======== DATA SHOWN ========

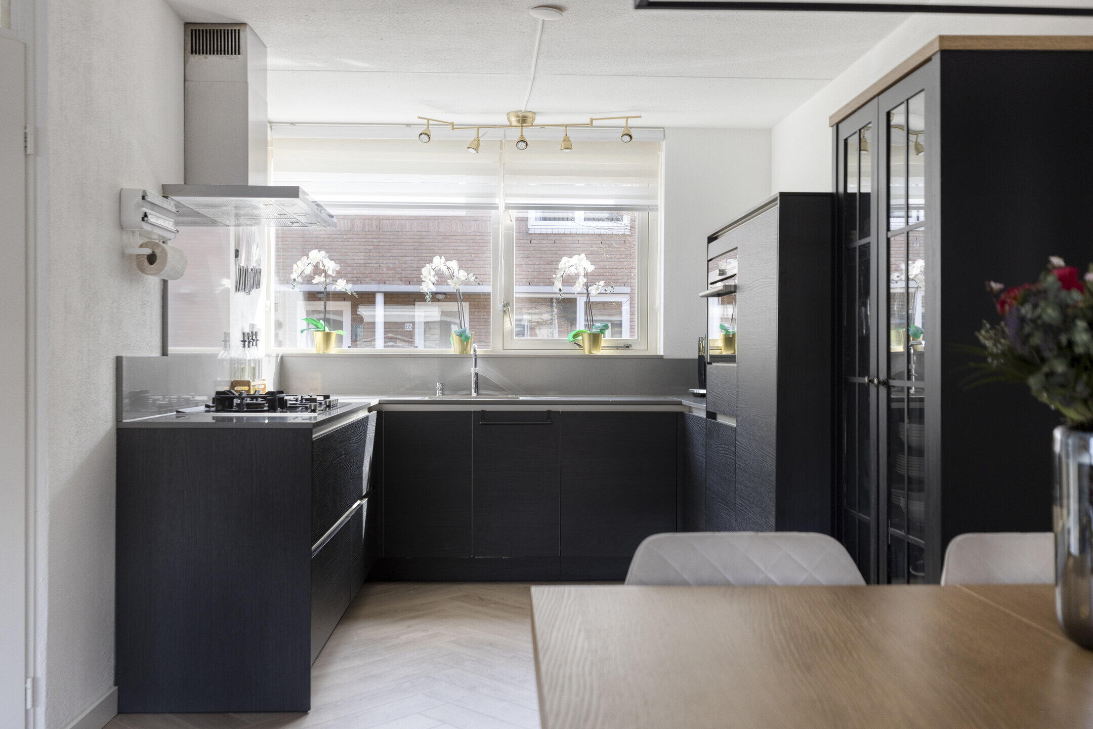 Aan de voorzijde van de woning bevindt zich de moderne keuken. Deze keuken is uitgerust met diverse inbouwapparatuur, waaronder een kookplaat, afzuigkap, combimagnetron, koelkast, vaatwasser en zelfs een Quooker. Koken wordt in deze keuken een waar genot, zodat u met gemak de lekkerste maaltijden voor uw gezin kunt bereiden.
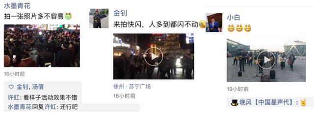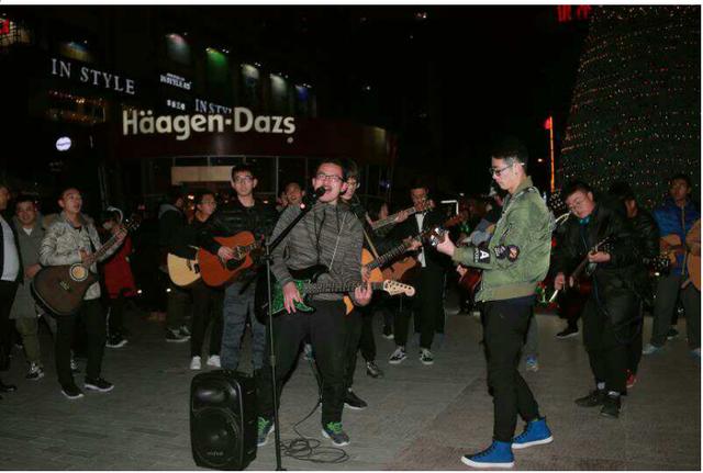 同时间,繁华热闹的市中心徐州苏宁广场、金鹰购物中心、彭城广场等地也出现了经典、年代感十足的声音,《光辉岁月》吉他弹奏乐队,留住过往来人群的脚步;一群年轻帅气的小伙,配上经典的音乐,在这个圣诞前夕,繁华的灯光下,那感觉经典难忘。
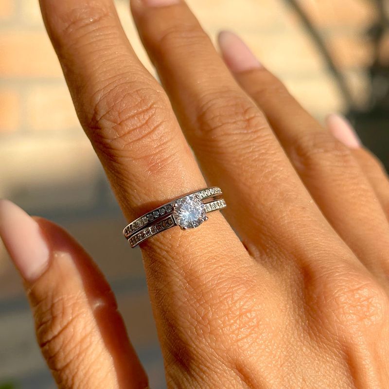 O kit em Prata 925 combina dois anéis perfeitos: um solitário elegante e um aparador cravejado de zircônias brancas. O brilho das pedras valoriza o design moderno e sofisticado, permitindo usar juntos ou separados. Uma peça versátil que une charme e autenticidade.
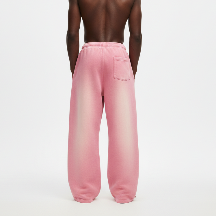 กางเกงวอร์มเอวยางยืดทรงหลวมสไตล์ฮิปฮอปคุณภาพสูงราคาส่งถูก ล้างสีซีดแบบซันเฟด ขากว้างสำหรับผู้ชาย
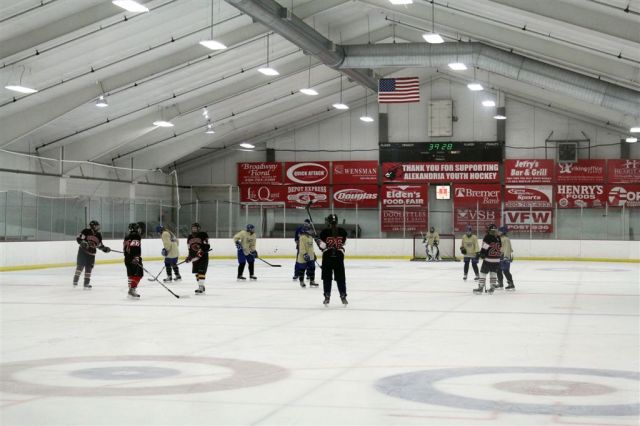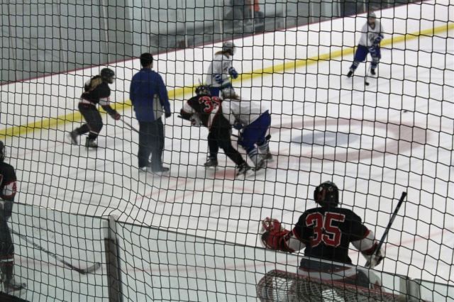 [The final photo. Our 3rd goalie, 35 in white jersey, got playing time. Coach Andy Shriver on the right. We’re looking forward to the start of the season! 🙂 ]

========

_TRY IT_
Print the material above once more, exactly. No pictures belong in it.

_RESULT OF THIS TASK_
 Aan de voorzijde van de woning bevindt zich de moderne keuken. Deze keuken is uitgerust met diverse inbouwapparatuur, waaronder een kookplaat, afzuigkap, combimagnetron, koelkast, vaatwasser en zelfs een Quooker. Koken wordt in deze keuken een waar genot, zodat u met gemak de lekkerste maaltijden voor uw gezin kunt bereiden.
 同时间,繁华热闹的市中心徐州苏宁广场、金鹰购物中心、彭城广场等地也出现了经典、年代感十足的声音,《光辉岁月》吉他弹奏乐队,留住过往来人群的脚步;一群年轻帅气的小伙,配上经典的音乐,在这个圣诞前夕,繁华的灯光下,那感觉经典难忘。
 O kit em Prata 925 combina dois anéis perfeitos: um solitário elegante e um aparador cravejado de zircônias brancas. O brilho das pedras valoriza o design moderno e sofisticado, permitindo usar juntos ou separados. Uma peça versátil que une charme e autenticidade.
 กางเกงวอร์มเอวยางยืดทรงหลวมสไตล์ฮิปฮอปคุณภาพสูงราคาส่งถูก ล้างสีซีดแบบซันเฟด ขากว้างสำหรับผู้ชาย
 [The final photo. Our 3rd goalie, 35 in white jersey, got playing time. Coach Andy Shriver on the right. We’re looking forward to the start of the season! 🙂 ]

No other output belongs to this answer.